Asking for What You Want
Cocreating with the Universe
Most people don't always fully realize that we all have within us the ability to cocreate our lives with the universe. So many of us are taught to accept what we are given and not even to dream of anything more. But our hopes and dreams are the universe whispering to us, planting an idea of what's possible while directing us toward the best use of our gifts. The universe truly wants to give us our hearts' desires, but we need to be clear about what they are and ask for them.
To ask for something does not mean to beg or plead from a place of lack or unworthiness. It's like placing an order—we don't need to beg the salesperson for what we want or prove to them that we deserve to have it. It is their job to give us what we ask for; we only have to tell them what we want. Once we have a clear vision of what we desire, we simply step into the silent realm where all possibilities exist and let our desires be known. Whatever methods we use to become still, it is important that we find the quiet space between our thoughts.

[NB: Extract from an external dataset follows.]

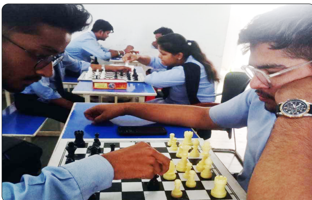
Photo 1- Intra University Chess Tournament 2023

From that still and quiet place, we can announce our intentions to the pure energy of creation. By imagining all the details from every angle, including scent, color, and how it would feel to have it, we design our dreams to our specifications. Similar to dropping a pebble into a pond, the ripples created by our thoughts travel quickly from this place of stillness, echoing out into the world to align and orchestrate all the necessary details to bring our desires into manifestation. Before leaving this wonderful space to come back to the world, release any attachment to the outcome and express gratitude. By doing this daily, we focus our thoughts and our energy while regularly mingling with the essence that makes it possible to build the life of our dreams.
Curative Attentiveness
Being Aware of Your Thoughts
Few people enjoy the company of individuals whose attitudes are persistently negative. Yet many of us tolerate the critical chatter that can originate within our own minds. Since we are so used to the stream of self-limiting, critical consciousness that winds its way through our thoughts, we are often unaware of the impact these musings have on our lives. It is only when we become aware of the power of such thoughts that we can divest ourselves of them and fill the emptiness they leave with loving, peaceful affirmations. Many people, upon paying careful attention to their thinking patterns, are surprised at the negativity they find there. But when we take notice of involuntary thoughts in a nonjudgmental way, we initiate a healing process that will eventually allow us to replace intimidating and upsetting self-talk with positive, empowering thoughts.
While the occasional downbeat or judgmental thought may have little impact on your contentment, the ongoing negativity that passes unnoticed can have a dampening effect on your mood and your outlook. When you are aware of the tone of your thoughts, however, you can challenge them. Try to be conscious of your feelings, opinions, and judgments for a single day. From sunup to sundown, scrutinize the messages you are feeding into your subconscious mind. Consider your thoughts from the perspective of a detached observer and try not to judge yourself based on the notions that come unbidden into your mind. Simply watch the flow of your consciousness and make a note of the number of times you find yourself focusing on gloomy notions or indulging in self-directed criticism.
As you become increasingly aware of your patterns of thought, whether positive or negative, you will gradually learn to control the character of your stream of consciousness. Endeavor always to remember that the images and ideas that pass through your mind are transient and not a true representation of who you are. In training yourself to be cognizant of your thoughts, you gain the ability to actively modulate your mood. The awareness you cultivate within yourself will eventually enable you to create a foundation of positivity from which you can build a more authentic existence.